■ **Activity**:
All that should come back is the lines of the data below from the one containing "1. 活动主题:江南大学商学院 MBA/MEM/MPAcc" to the one containing "The TroopWebHost mobile", inclusive, exactly as they stand.

■ **Provided entries**:
● ● ●
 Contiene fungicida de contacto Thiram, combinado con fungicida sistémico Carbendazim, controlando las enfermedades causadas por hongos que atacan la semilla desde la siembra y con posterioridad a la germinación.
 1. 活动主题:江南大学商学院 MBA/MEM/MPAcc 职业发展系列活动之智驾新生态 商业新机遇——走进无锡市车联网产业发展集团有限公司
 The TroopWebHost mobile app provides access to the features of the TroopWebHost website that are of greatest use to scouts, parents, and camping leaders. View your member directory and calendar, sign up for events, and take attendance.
● ● ●
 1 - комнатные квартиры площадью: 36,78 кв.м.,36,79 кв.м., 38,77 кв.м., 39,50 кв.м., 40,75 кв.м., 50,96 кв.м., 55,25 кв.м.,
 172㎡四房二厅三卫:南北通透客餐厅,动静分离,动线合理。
● ● ●
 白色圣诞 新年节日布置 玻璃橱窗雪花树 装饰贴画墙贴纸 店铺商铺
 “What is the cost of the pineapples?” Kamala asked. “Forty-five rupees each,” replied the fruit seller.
● ● ●
■ **Written response**:
 1. 活动主题:江南大学商学院 MBA/MEM/MPAcc 职业发展系列活动之智驾新生态 商业新机遇——走进无锡市车联网产业发展集团有限公司
 The TroopWebHost mobile app provides access to the features of the TroopWebHost website that are of greatest use to scouts, parents, and camping leaders. View your member directory and calendar, sign up for events, and take attendance.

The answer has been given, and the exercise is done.